SLI / SLO / SLA — know the difference:

  • SLI (Service Level Indicator) — the actual measured metric. E.g., "97.8% of requests completed in < 200ms this week."
  • SLO (Service Level Objective) — your internal target. E.g., "99.9% of requests must complete in < 200ms." This is what your team is held to.
  • SLA (Service Level Agreement) — the contractual commitment to customers, with financial penalties for breach. Always looser than your SLO (you'd go out of business otherwise).

Error budget: 1 − SLO. A 99.9% SLO gives you ~43 min/month to spend on incidents and deploys. When the budget is gone, freeze non-critical changes until the window resets.

Each extra 9 is roughly 10× harder and more expensive. Push back if the requirement seems over-engineered.

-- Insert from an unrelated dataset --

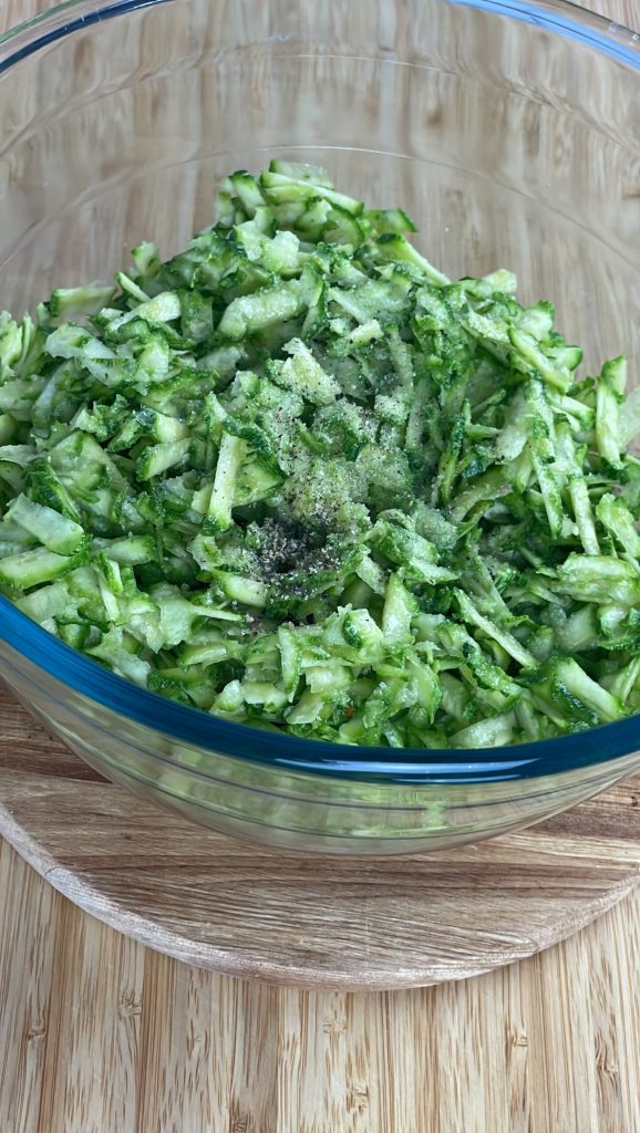 Rasp ze met een rasp met grote gaten.Doe de geraspte courgettes in een kom en breng op smaak met zout en zwarte peper.

Most critical for: Payment processors (Stripe, Visa — 99.999%), AWS infrastructure, healthcare systems, any system where downtime = revenue loss or safety risk.


Consistency

When a write happens, when do all nodes and users see it? This is the core CAP tradeoff in practice.

Ask:

  • Can users see slightly stale data?
  • If two users write at the same time, does it matter which one wins?
Model What It Means When to Use Real Example
Strong (Linearizable) All reads see the latest write immediately across all nodes. Each operation appears to take effect at a single instant in time. Payments, inventory, bank balances PostgreSQL, Zookeeper, Spanner
Read-your-writes You always see your own latest write. Other users may lag briefly. Profile updates, settings Most social apps for own data
Eventual Writes propagate across nodes eventually. Briefly stale OK. Social feeds, like counts, view counts Cassandra, DynamoDB default, DNS
Causal Causally related writes are seen in order by all nodes. Unrelated writes can appear in any order. Comments/replies, collaborative editing, chat MongoDB sessions, DynamoDB transactions

ACID vs BASE: Relational databases give you ACID (Atomic, Consistent, Isolated, Durable) — all or nothing, always correct. Most NoSQL databases give you BASE (Basically Available, Soft state, Eventually consistent) — always up, eventually right. Choosing a DB is often choosing between these two philosophies.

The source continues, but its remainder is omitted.